- Associated Press - Friday, October 9, 2015

LOUISVILLE, Ky. (AP) - A Kentucky nonprofit that emerged as one of the largest insurance providers on the state’s health exchange has given notice that it won’t offer plans for 2016, a decision affecting tens of thousands of customers ahead of the next enrollment period starting in a few weeks.

The decision by Kentucky Health Cooperative, which operates in all 120 Kentucky counties, set off another round of political bickering over the federal health care overhaul and its impact on the state as Kentuckians prepare to elect a new governor on Nov. 3.

State health officials said Friday that current policyholders with Kentucky Health Cooperative will continue being covered through their existing policies, most of which expire Dec. 31, 2015. The company currently serves about 51,000 members.

But the cooperative notified state health officials that it will not offer plans when the 2016 open enrollment period begins Nov. 1 to purchase private health plans on kynect, the state’s health exchange. The enrollment period runs through next Jan. 31.

Kentucky Health Cooperative’s interim CEO, Glenn Jennings, said the nonprofit “came up short” of where it needed to be.

The company had received federal loans to help it stay afloat. Jennings said the decision to stop offering plans resulted from the company not receiving federal funding on which it had relied. The cooperative’s losses reached about $50 million in 2014 but had been whittled to $4 million by 2015, it said.
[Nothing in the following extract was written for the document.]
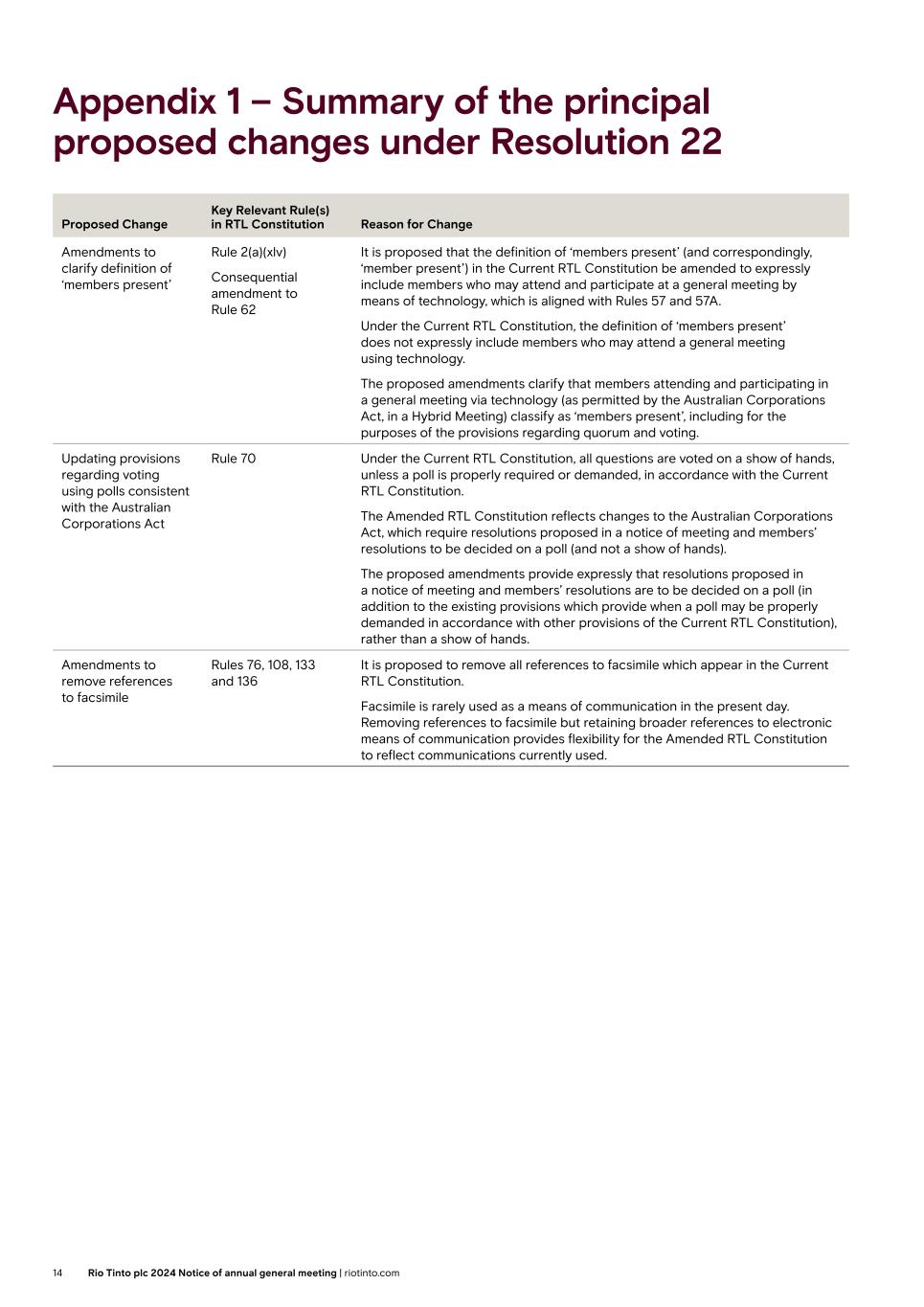 Appendix 1 – Summary of the principal proposed changes under Resolution 22 Proposed Change Key Relevant Rule(s) in RTL Constitution Reason for Change Amendments to clarify definition of ‘members present’ Rule 2(a)(xlv) Consequential amendment to Rule 62 It is proposed that the definition of ‘members present’ (and correspondingly, ‘member present’) in the Current RTL Constitution be amended to expressly include members who may attend and participate at a general meeting by means of technology, which is aligned with Rules 57 and 57A. Under the Current RTL Constitution, the definition of ‘members present’ does not expressly include members who may attend a general meeting using technology. The proposed amendments clarify that members attending and participating in a general meeting via technology (as permitted by the Australian Corporations Act, in a Hybrid Meeting) classify as ‘members present’, including for the purposes of the provisions regarding quorum and voting. Updating provisions regarding voting using polls consistent with the Australian Corporations Act Rule 70 Under the Current RTL Constitution, all questions are voted on a show of hands, unless a poll is properly required or demanded, in accordance with the Current RTL Constitution. The Amended RTL Constitution reflects changes to the Australian Corporations Act, which require resolutions proposed in a notice of meeting and members’ resolutions to be decided on a poll (and not a show of hands). The proposed amendments provide expressly that resolutions proposed in a notice of meeting and members’ resolutions are to be decided on a poll (in addition to the existing provisions which provide when a poll may be properly demanded in accordance with other provisions of the Current RTL Constitution), rather than a show of hands. Amendments to remove references to facsimile Rules 76, 108, 133 and 136 It is proposed to remove all references to facsimile which appear in the Current RTL Constitution. Facsimile is rarely used as a means of communication in the present day. Removing references to facsimile but retaining broader references to electronic means of communication provides flexibility for the Amended RTL Constitution to reflect communications currently used. 14 Rio Tinto plc 2024 Notice of annual general meeting | riotinto.com

“We were on track to reverse direction and begin operating in the black, and we expected this to come about in 2016,” Jennings said.

Last year, Kentucky Health Cooperative received a $65 million federal loan from the Centers for Medicare and Medicaid Services to keep it afloat just days before the open enrollment period began. It is not unusual for nonprofit co-ops to receive so-called “solvency loans” from the federal government.

Responding to the Kentucky development, CMS said it recognized that not all startup co-ops would succeed.

“CMS’ priority is to make sure that marketplace customers have access to quality, affordable coverage through the marketplace,” the U.S. Department of Health and Human Services said Friday. “We are working with Kentucky officials to do everything possible to make sure consumers stay covered.”

Gov. Steve Beshear’s administration pointed to federal Census data showing Kentucky led the nation in the biggest drop in the number of people without health insurance from 2013 to 2014. Beshear is a staunch proponent of the Affordable Care Act. The law’s opponents refer to it as “Obamacare.” Beshear cannot seek re-election because of term limits.

The number of companies selling policies in the individual market on the exchange continues to grow, despite the loss of Kentucky Health Cooperative, state health officials said. Seven companies will sell such policies in the 2016 enrollment period, up from five in 2015 and three in 2014, they said.

Beshear predicted all Kentuckians will have at least two options of insurance companies in their counties for the 2016 enrollment.

The co-op’s departure from the exchange, and the impact for its 51,000 members, drew an immediate response from top Kentucky Republicans.

“This financial debacle is a direct result of ‘Obamacare,’ which Gov. Beshear was too quick to embrace,” said Republican gubernatorial candidate and Louisville businessman Matt Bevin.

U.S. Senate Majority Leader Mitch McConnell, R-Ky., called it “the latest in a string of broken promises with real consequences for the people of Kentucky, who may now be losing the health insurance they had and liked twice within the past three years because of ‘Obamacare’s failures.”

Bevin said his Democratic opponent, state Attorney General Jack Conway, had failed to protect the co-op’s members.

“Where has Jack Conway been in investigating this catastrophic co-op?” Bevin said.

Conway countered that Bevin has vowed to repeal Kentucky’s expanded Medicaid program under the federal Affordable Care Act, a decision by Beshear that brought health insurance to more than 400,000 people across the state.

As for the co-op’s departure from the exchange, Conway said: “The private sector and market forces will ultimately determine which of the providers are most successful, but my commitment is that every Kentuckian who wants health care will have access to it because it’s vital to Kentucky’s continued economic success and the prosperity of our residents.”